Alex turned one on Monday, June 29th. He had his one year check-up today.
3 lbs, 7.7 ozs
19 lbs, 9 ozs
What a difference a year makes.
A year ago he was lying in the hospital, impossibly small. Today he grins at me and squeals with delight when I make one of his toy cars flip over. He pulls up on anything that will hold still (furniture, grown-ups, the cat... poor long suffering cat). He climbed up into my chair today, pulling on my pants leg and hoisting himself up with just the strength in his own body.
A year ago he had his first meal, 3 milliliters of expressed breast milk. Today he ate oatmeal,carrots, cereal puffs, most of a banana, what seemed like an entire zucchini and squash, mashed potatoes, juice, milk; I had to stop giving him the zucchini because just because its veggies doesn't mean its not overeating.
A year ago we had to weigh his diapers to make sure that he was peeing enough, checking that he was getting enough fluid from his IV and the milk he was tube fed. Today... well let's just say that we're no longer concerned about whether or not he pees enough.
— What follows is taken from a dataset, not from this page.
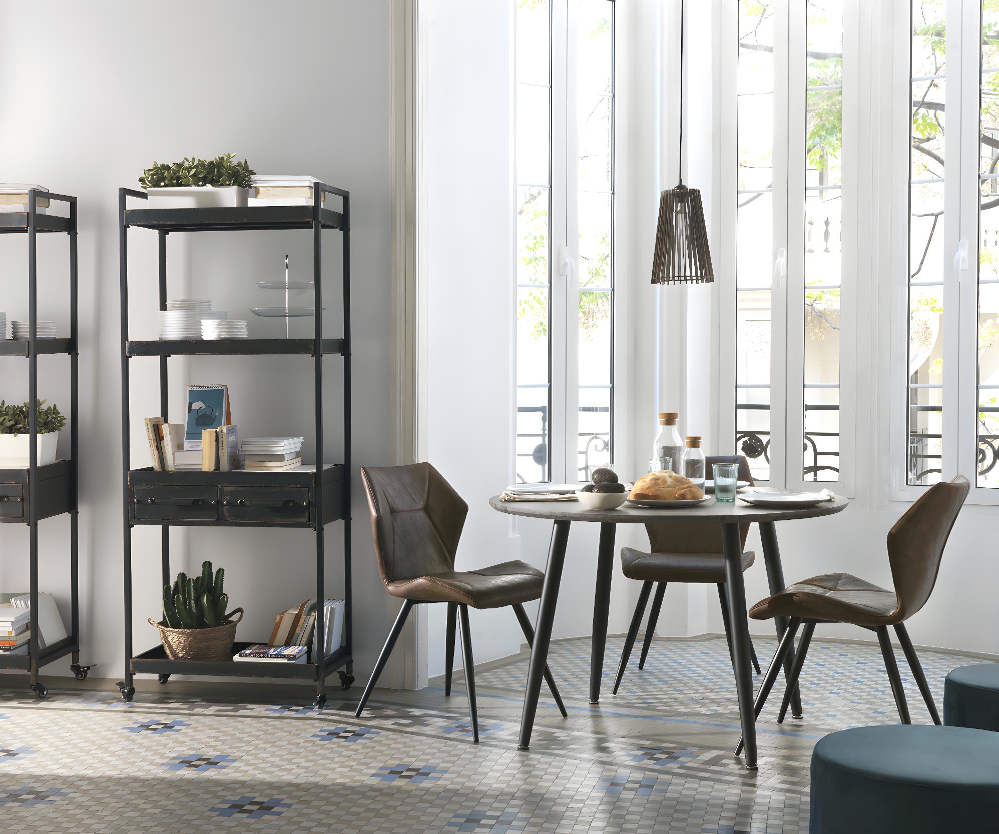 Mesa de melamina efeito pedra com pés metálicos 110 cm de diâmetro

A year ago I was crying in my hospital room, recovering from an emergency C-section, knowing that I would go home without my baby. Today we popped him in his car seat and took him to Pizzeria Uno (where he ate most of the previously mentioned veggies), just that easy.
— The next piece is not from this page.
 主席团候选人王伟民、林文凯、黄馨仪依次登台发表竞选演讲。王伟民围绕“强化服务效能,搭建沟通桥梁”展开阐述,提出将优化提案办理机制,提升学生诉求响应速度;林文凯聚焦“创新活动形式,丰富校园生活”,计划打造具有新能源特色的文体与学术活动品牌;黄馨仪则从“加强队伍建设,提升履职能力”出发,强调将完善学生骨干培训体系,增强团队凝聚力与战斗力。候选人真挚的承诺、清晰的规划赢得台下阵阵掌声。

He's strong and he's healthy. The heart murmur they picked up early on has vanished. His umbilical hernia has healed itself. He has eczema, but so do I, so no biggie. We'll put some cream on it and thank the universe for sparing us.
He's a normal one year old, this close to walking. He has several words and he actually listens to me when I tell him to put something in his toy bucket or to bring me something (I don't expect this to last long).
This year has been terribly hard and wonderfully easy at the same time.
Breastfeeding was hard, so hard. Milk that never came in, nipples that were bigger than his mouth. Giving it up was painful, but necessary for my sanity and my relationship with Alex. Feeding was never easy in those first months, but letting go of the guilt about my "failure" made meals a pleasure again. A time to smell his sweet hair and nuzzle his cheeks. Now, he eats like a champ and will even share with me (i.e. forcibly shoves food in my mouth when he thinks something is especially tasty).
Co-sleeping, once I gave up on the bassinet, was sweet, lovely and hard to give up, even when the karate chops to the throat and the kicks to the crotch made sleeping difficult. Snuggling Alex to sleep at night is still one of the greatest pleasures in my life. Sometimes I get him out of his crib when I go to bed just so I can wake up to his sweet smile.
He is an active, sweet, demanding, generous, sometimes cuddly, all-boy kind of boy. I can't wait to see what happens this year.